= W. D. Harverson =

Walter Douglas Harverson OBE ARSM MIMM (1903 – 1992) was Commissioner of Mines and Geology in Kenya from 1949 to 1958 and Commissioner of Mines in Tanganyika between 1958 and 1962.

==Life==
Walter Douglas Harverson was born in Wellington, New Zealand in 1903 and educated at Wellington College in New Zealand, Bedford Modern School in England and at the Royal School of Mines in London, England.

In 1934, Harverson was engaged as a geologist in Kenya where he made safaris through the South Kitui District and made notes on the rocks forming the road east of the road at Mutomo and on the marble at Kanziku. He served in World War II between 1939 and 1943 in the East African Engineers when he left as Major.
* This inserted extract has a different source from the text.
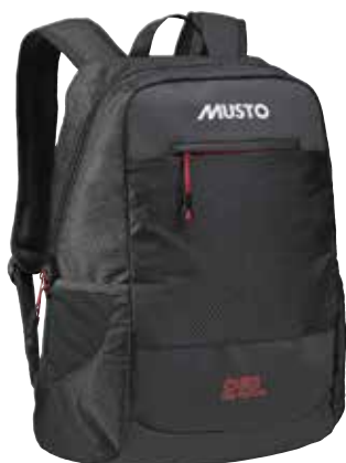
Essential 25L Backpack 82293 25L / 30cm x 15cm x 43cm weight: 550g Black 991 15,400 円 (税抜定価 : 14,000 円)

After World War II Harverson returned to Kenya where, as Assistant Commissioner of Mines, he doubted the ability to exploit limestone deposits at Keben, South of Lessos. He became Commissioner of Mines and Geology for Kenya from 1949 until 1958 when he was appointed Commissioner of Mines in Tanganyika, a position he held until 1962. He was later appointed mining legislation adviser in Liberia in 1967.

Harverson was invested as an Officer of the Order of the British Empire in 1958. He died in 1992.